Shanghai authorities say water quality in the main part of a river where thousands of dead pigs have been found since last week has been restored to a level meeting mainland standards and that no diseased pork has been detected in markets.
In a statement released on the municipal government's website yesterday, the authorities said the retrieval of dead pigs from a section of the Huangpu River flowing through the southwestern Songjiang district was "basically" complete. Clean water supplies had been restored in the town of Maogang, where the carcasses were first discovered.
The water quality of the river in Songjiang met standards, according to hourly tests by the district's water affairs bureau.
Meanwhile, food safety regulators across the city had ramped up inspections of pork supplies and had found no sign that diseased pork had entered the city's markets, the statement said.
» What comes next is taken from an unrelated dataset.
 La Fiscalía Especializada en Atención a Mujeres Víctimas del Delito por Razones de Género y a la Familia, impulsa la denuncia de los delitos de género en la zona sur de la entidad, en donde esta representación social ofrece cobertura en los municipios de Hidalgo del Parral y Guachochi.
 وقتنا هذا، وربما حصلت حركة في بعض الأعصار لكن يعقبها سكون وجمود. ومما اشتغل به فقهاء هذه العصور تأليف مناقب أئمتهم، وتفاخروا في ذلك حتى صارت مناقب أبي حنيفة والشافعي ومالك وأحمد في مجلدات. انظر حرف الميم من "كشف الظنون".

Songjiang's district government said it had adopted a series of measures to tackle the crisis, which had seen more than 5,900 dead pigs pulled out of the Huangpu River by yesterday afternoon, including workers adding no less than 20 parts per million of activated carbon into the affected water, and adding extra chlorine. Workers from the local tap water plant had been testing water within a kilometre upstream and downstream of the water intake point.
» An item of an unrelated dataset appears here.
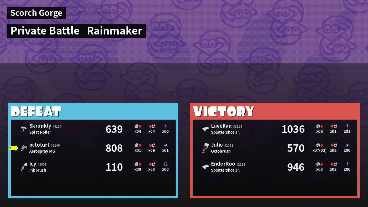 | Medals | #1 Turf Inker #1 Ink Consumer #2 Overall Splatter | ||

Local officials said tap water was safe mainly because there was a lot of water in the affected section of the river, the water intake point was far from where most of the dead pigs were found and a high percentage of the carcasses were intact.
However, some locals said they were still worried. Dora Wang, a marketing manager who lives in Jiuting town in the district, said she was concerned about the quality of her tap water.
"The government's statement has been some consolation, but I am still concerned," she said, adding that the dead pigs had reminded her of another water crisis in the district two months ago, when a factory had dumped chemical waste in a river. Many residents had to be evacuated then and tap water supplies were halted temporarily.
"I am thinking about whether I and my family should only drink bottled water and should I install water-purifying equipment [in my house]."
Yang Jing, a member of the medical staff at a hospital in Songjiang, said she was "numb" towards the authorities' efforts to ensure water and food safety.
"I don't think officials regard these problems seriously [...] nothing safe here," she said.
The propaganda chief of the neighbouring city of Jiaxing, in Zhejiang , denied claims by Shanghai that it was the source of most of the dead pigs.
"[The origin of the carcasses] is not 100 per cent sure and investigations are ongoing," Wang Dengfeng told a press conference, xinmin.cn  reported.
Shanghai's animal disease control department has found porcine circovirus, a common pig disease that is not known to be infectious to humans, in a sample taken from the carcasses.
Professor Zhu Guoqiang , a veterinarian at Yangzhou University in Jiangsu , suspected an epidemic. He said there was almost no possibility that the pigs had been killed by cold weather, as claimed by Zhejiang's agriculture department.